- TASK REQUIREMENTS
Print exactly the lines that run from the first line of the material to the line containing "Het perceel waarop", both ends included, and skip the pictures.

- INFORMATION SHOWN
--- --- ---
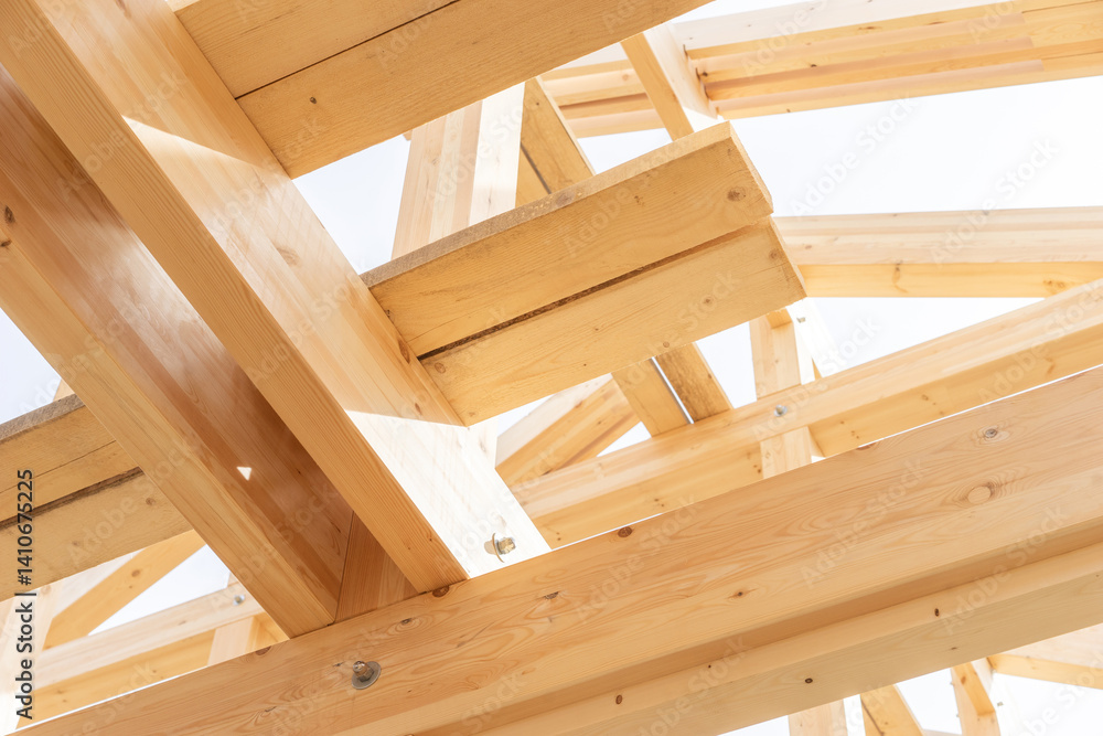 Przestrzeń - Close-up view of wooden beams and joints in a roof under construction, showcasing structural... #1410675225
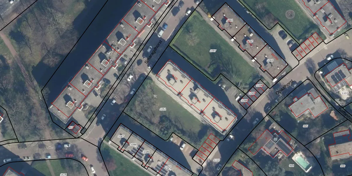Het perceel waarop Smaragdhorst 89 staat heeft een oppervlakte van 2440 m². Dit is een zeer groot perceel. De perceeloppervlakte wordt geregistreerd door het Kadaster. Gedetailleerde informatie over de maten van dit perceel kunt u vinden in het rapport Kadastrale kaart met maatvoering van Smaragdhorst 89.
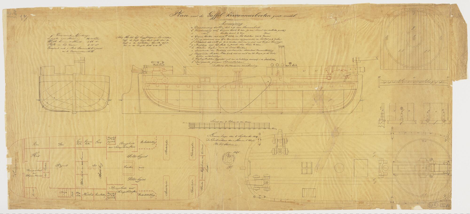 Zijaanzicht, verticale langsdoorsnede, vooraanzicht, achteraanzicht, grootspant, spantenraam, waterlijnen, senten van een gaffelkanonneerboot groot model, 1834. Afmetingen van het schip 18 x 5.66 x 2.15 el.
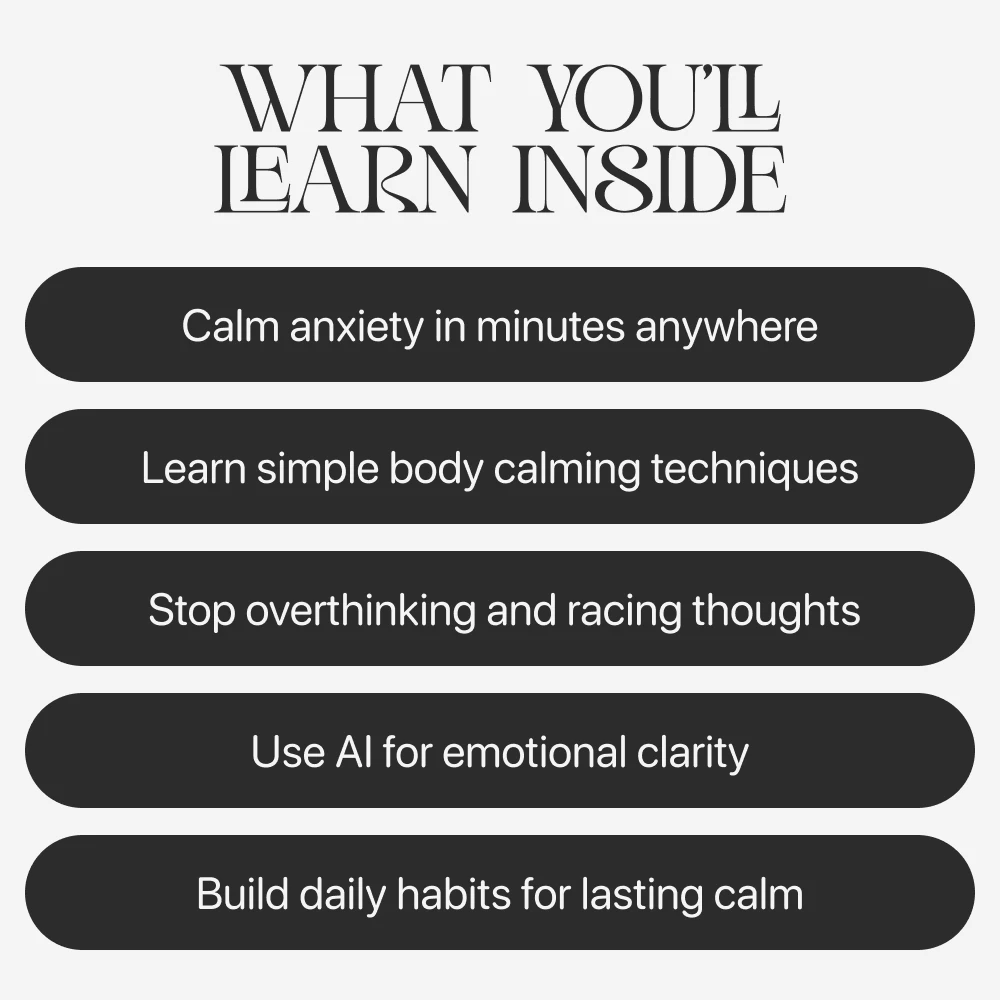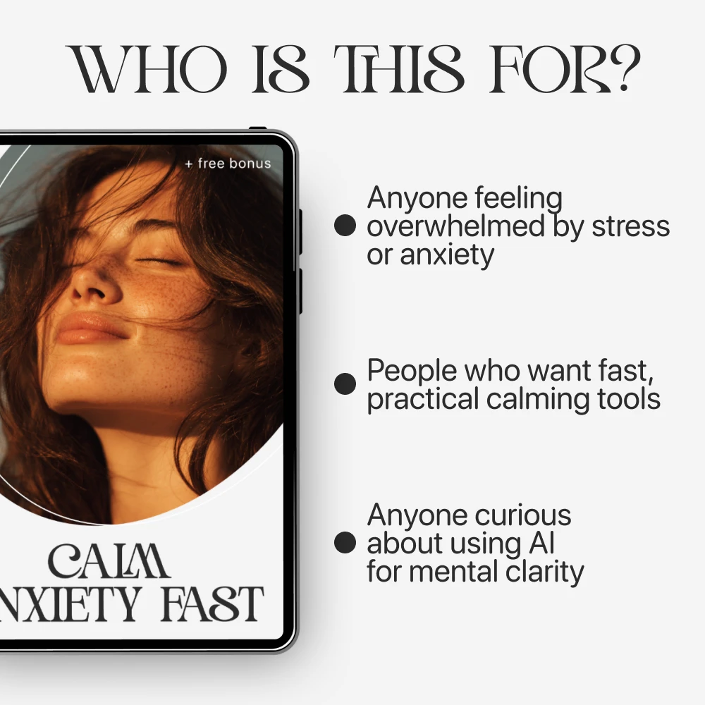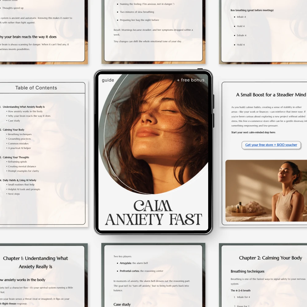Unlike generic anxiety guides, this one combines psychology, body-based techniques, and AI-powered tools into one clear system. You don’t just read about how to calm anxiety, you practice it with guided prompts, real exercises, and practical routines you can use immediately. No fluff. No confusing jargon. Just tools that work in the real world.
--- --- ---
- FINAL ANSWER
 Przestrzeń - Close-up view of wooden beams and joints in a roof under construction, showcasing structural... #1410675225
Het perceel waarop Smaragdhorst 89 staat heeft een oppervlakte van 2440 m². Dit is een zeer groot perceel. De perceeloppervlakte wordt geregistreerd door het Kadaster. Gedetailleerde informatie over de maten van dit perceel kunt u vinden in het rapport Kadastrale kaart met maatvoering van Smaragdhorst 89.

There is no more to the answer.